Shared Care Scotland and the Coalition of Carers in Scotland are holding a consultation event on the guidance on the 28th November 2007, in Glasgow from 11.00am to 3.00pm. This event is aimed at carers, service users and advocacy/support workers.
Scottish Executive response to Care 21 Recommendation 20 on the need to improve short break and respite support
"The Executive accepts the need for a strategic approach to respite provision for carers. We have provided significant additional resources for respite in recent years and are focusing performance management on this area through Local Improvement Targets.
We will move quickly to establish a task group to assess respite provision in Scotland; update national strategic guidance for respite services and help develop local service redesign to shift the focus of local provision to preventative, personalised respite care. Whilst the work will reflect the interests of cared for people, its primary focus will be on breaks from caring for the benefit of adult carers.

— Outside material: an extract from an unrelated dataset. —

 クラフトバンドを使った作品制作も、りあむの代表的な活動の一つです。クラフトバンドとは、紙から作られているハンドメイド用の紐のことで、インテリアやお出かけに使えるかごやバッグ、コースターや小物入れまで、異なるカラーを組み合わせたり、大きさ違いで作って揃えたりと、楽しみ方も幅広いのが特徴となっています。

Work on service re-design and establishing better local and national information on respite services will require a significant input from both carers and users. (Separate strategic work on young carers will address respite for this group.)

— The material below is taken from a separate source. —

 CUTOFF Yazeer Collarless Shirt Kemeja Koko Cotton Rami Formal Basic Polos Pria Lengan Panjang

The group's work will include an assessment of information on existing models of respite provision and need, to inform consideration of the recommendation for additional provision in the spending review.
Shifts towards early intervention and preventative, personalised care are important aspects of Changing Lives and the forthcoming Changing Lives implementation plan will flag up the importance of respite to those agendas. We will also ask the group to assist in informing the development of service redesign approaches and projects to help shift the focus of local provision to personalised, preventative respite care.
The group will review existing respite guidance and update it where necessary to set out what should be covered in local service planning and to underpin Local Improvement Targets for respite services.
In relation to the report's recommendation for a statutory minimum entitlement to respite, we are concerned that this could cut across existing local authority responsibilities for providing care and support in the light of assessment of needs and a prioritisation of available resources. If, after conclusion of the work outlined above, it appears that a statutory entitlement to respite might have a useful role to play, we will reconsider the issue."